> Problem description
With pictures excluded, give again exactly the lines running from the one holding "交流會上,經過激烈角逐,申報" through the end of the listing below.

---------- Excerpted data ----------

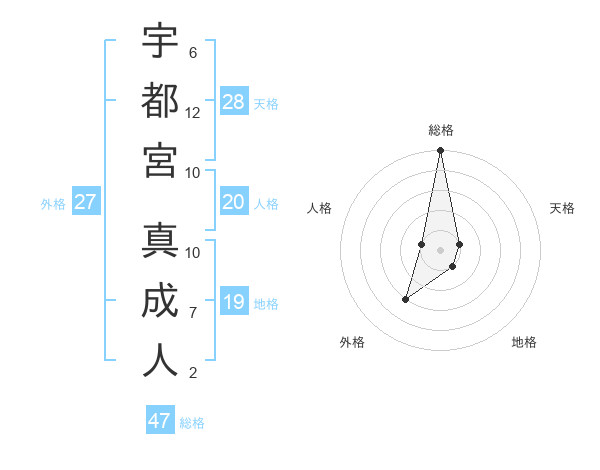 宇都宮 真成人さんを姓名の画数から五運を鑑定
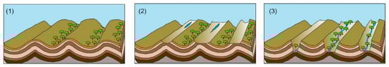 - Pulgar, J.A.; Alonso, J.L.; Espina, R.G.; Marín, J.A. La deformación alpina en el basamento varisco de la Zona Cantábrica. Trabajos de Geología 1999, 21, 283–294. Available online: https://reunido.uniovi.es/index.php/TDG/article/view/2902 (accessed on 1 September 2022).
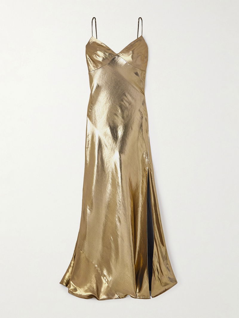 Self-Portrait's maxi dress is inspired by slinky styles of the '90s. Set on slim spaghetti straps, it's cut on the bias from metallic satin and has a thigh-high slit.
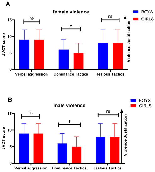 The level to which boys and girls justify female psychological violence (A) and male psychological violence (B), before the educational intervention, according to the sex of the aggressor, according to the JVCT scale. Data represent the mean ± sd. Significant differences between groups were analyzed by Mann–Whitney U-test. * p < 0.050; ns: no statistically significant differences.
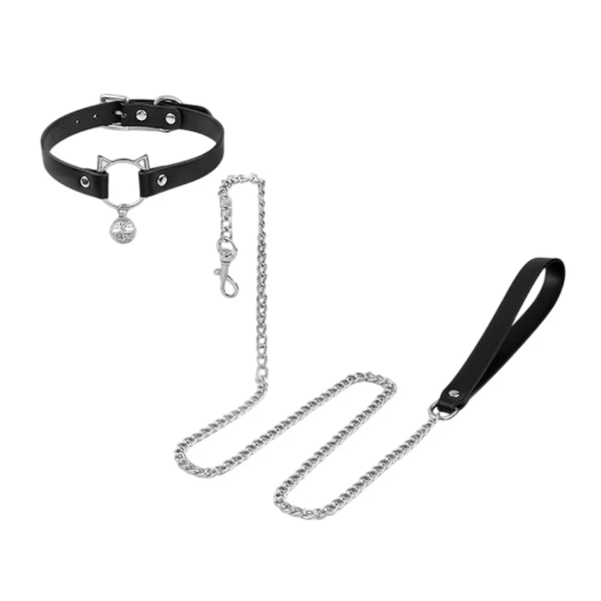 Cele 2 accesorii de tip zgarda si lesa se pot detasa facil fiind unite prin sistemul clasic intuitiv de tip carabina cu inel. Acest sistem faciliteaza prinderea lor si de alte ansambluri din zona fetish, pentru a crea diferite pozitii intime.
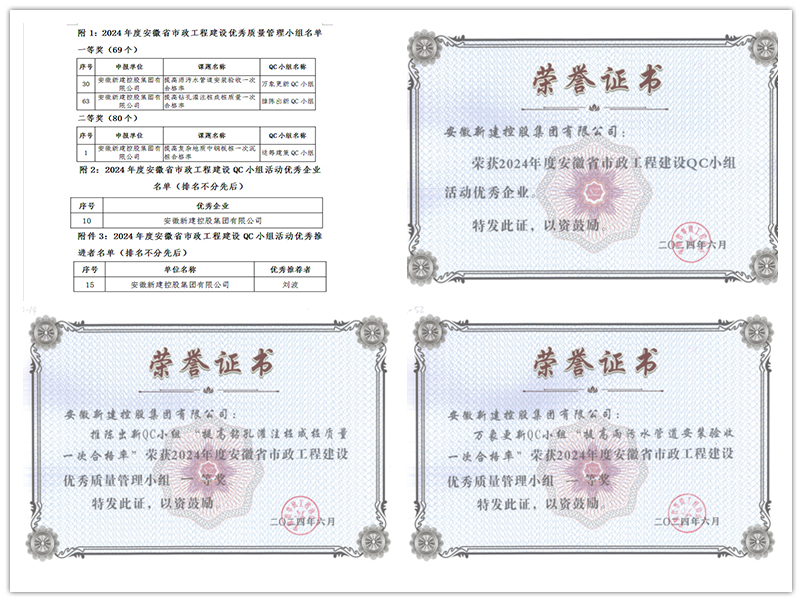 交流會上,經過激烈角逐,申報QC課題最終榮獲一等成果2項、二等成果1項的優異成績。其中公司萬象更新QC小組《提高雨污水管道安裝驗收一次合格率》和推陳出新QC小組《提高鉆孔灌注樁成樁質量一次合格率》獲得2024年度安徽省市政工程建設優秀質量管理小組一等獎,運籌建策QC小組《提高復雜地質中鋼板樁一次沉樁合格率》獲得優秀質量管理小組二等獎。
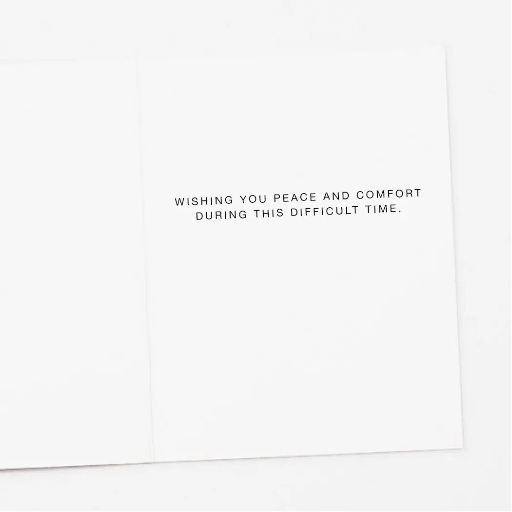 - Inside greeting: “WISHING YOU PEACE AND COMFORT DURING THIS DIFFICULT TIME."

----------

> Completed exercise
 交流會上,經過激烈角逐,申報QC課題最終榮獲一等成果2項、二等成果1項的優異成績。其中公司萬象更新QC小組《提高雨污水管道安裝驗收一次合格率》和推陳出新QC小組《提高鉆孔灌注樁成樁質量一次合格率》獲得2024年度安徽省市政工程建設優秀質量管理小組一等獎,運籌建策QC小組《提高復雜地質中鋼板樁一次沉樁合格率》獲得優秀質量管理小組二等獎。
 - Inside greeting: “WISHING YOU PEACE AND COMFORT DURING THIS DIFFICULT TIME."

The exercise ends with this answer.